Growing up in Chicago, WLS was my favorite radio station. I spent hours locked in my bedroom pretending to be John "Records" Landecker and Larry Lujack. As a teenager, I moved to Washington DC, where my two new DJ obsessions became DC 101's Greaseman and Adam Smasher. After forty years, I can still sing Landecker's theme to Boogie Check ("Boogie Check, Boogie Check, Ewww, Ahhh"), and Adam Smashers intro song ("Every day in the studio a man arrives standing 6 foot 3, weighing 225...Smash, Smash, Big Bad Smash!").
These DJs made such an impact on my life, that radio was the only career I ever wanted to pursue.
Do air personalities still have that type of effect on listeners?
After I got into the business, I became a fairly well-known air personality in Washington DC. My fans made me feel like a big-time celebrity!
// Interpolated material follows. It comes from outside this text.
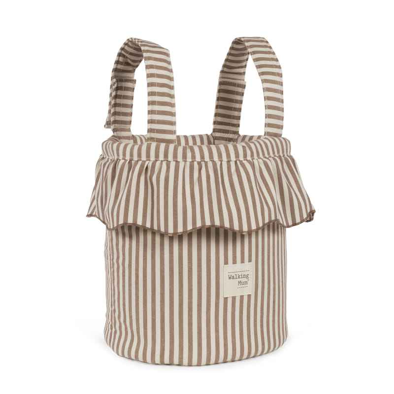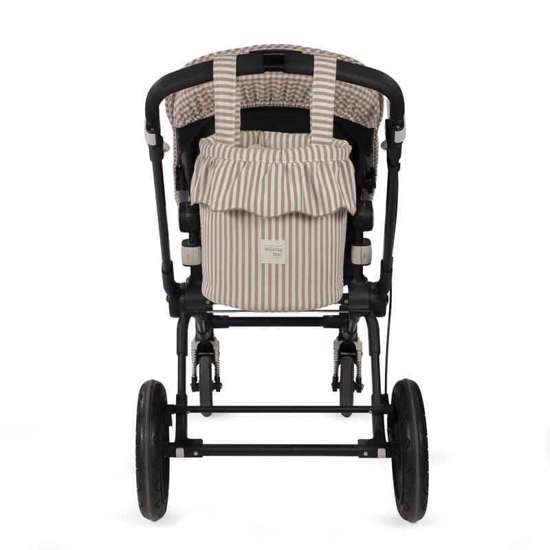 La bolsa bucket Praliné Rayas Moka es el accesorio perfecto para acompañar cada paseo con estilo y funcionalidad. Su delicado estampado de rayas en tono moka aporta un aire fresco, natural y atemporal, ideal para combinar con cualquier carrito. Con un formato tipo cubo muy práctico, esta bolsa es perfecta para llevar lo imprescindible del bebé siempre a mano: pañales, muselina, biberón o pequeños accesorios.

I was taking pictures with listeners and signing autographs. Yes, somewhere out there are a bunch of signed t-shirts, photos, and bumper stickers with my name on them (maybe even a boob or two, but those have probably washed off by now).
Do listeners still have enough passion for the DJs to ask for a picture and autograph?
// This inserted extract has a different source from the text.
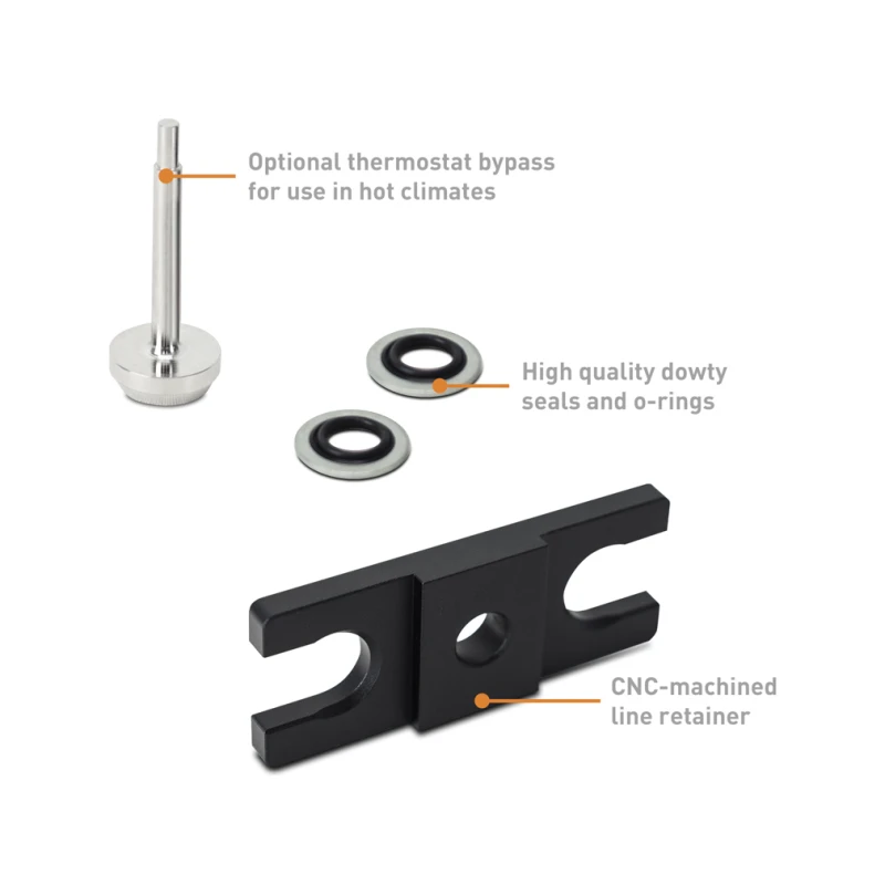 - Austauschbarer Thermostat öffnet 10°F früher als serienmäßig für bessere Kühlung

When is the last time you saw a radio station bumper sticker on a car? What about a station t-shirt being worn in public? Sure, we're going to hear from a spattering of programmers who randomly spot one, but what happened to the days when they were everywhere, when listener's loved their radio station so much, they felt proud to display their affection?
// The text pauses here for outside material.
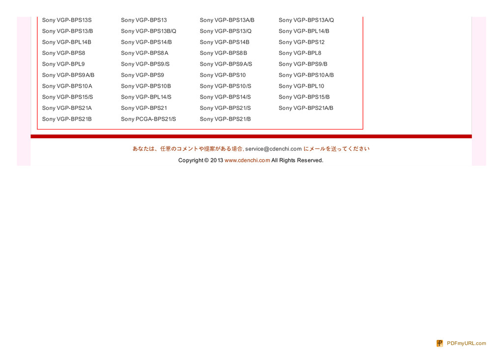 バッテリー Sony VGP-BPS13S バッテリー Sony VGP-BPS13/Q バッテリー Sony VGP-BPS21/S バッテリー Sony VGP-BPS9/S バッテリー Sony VGP-BPS13S バッテリー Sony VGP-BPS13/Q バッテリー 対応機種一覧: SONY VAIO VGN-TZ Series Sony VAIO VGN-UX Series Sony VAIO VGN-UX007 Sony VAIO VGN-UX1 Sony VAIO VGN-UX100 Sony VAIO VGN-UX180 Sony VAIO VGN-UX180P Sony VAIO VGN-UX1XN Sony VAIO VGN-UX280 Sony VAIO VGN-UX280P Sony VAIO VGN- UX280PK1 Sony VAIO VGN-UX380 Sony VAIO VGN-UX380N Sony VAIO VGN-UX390 Sony VAIO VGN-UX390N Sony VAIO VGN- UX490N/C Sony VAIO VGN-UX50 Sony VAIO VGN-UX71 Sony VAIO VGN-UX90 Sony VAIO VGN-UX90PS Sony VAIO VGN-UX90S Sony VAIO VGN-UX91 etc SONY VAIO VGN-G3 Series SONY VAIO VGN-G3KANB SONY VAIO VCC111 Chromebook Series SONY VAIO VCC-111 Chromebook Series SONY VAIO T Series SONY VAIO T11 Series SONY VAIO T13 Series SONY VAIO SVT-11 Series SONY VAIO SVT-13 Series SONY VAIO T Touchscreen Ultrabooks Series SONY VAIO T14 Touchscreen Ultrabooks Series SONY VAIO T15 Touchscreen Ultrabooks Series SONY VAIO SVT-14 Touchscreen Ultrabooks SONY VAIO SVT-15 Touchscreen Ultrabooks Sony VAIO VGN-P17H/W Sony VAIO VGN-P27H/G PDFmyURL.com

Back then, radio wasn't just about the music. It was about the entertainment, and the magic of what came out of the speakers. Contesting sounded massive, marketing efforts were impressive, air personalities were intangible entities that were put on a pedestal, busy signals were common and acted as a subconscious way of letting listeners know their radio station had many listeners.
So what happened?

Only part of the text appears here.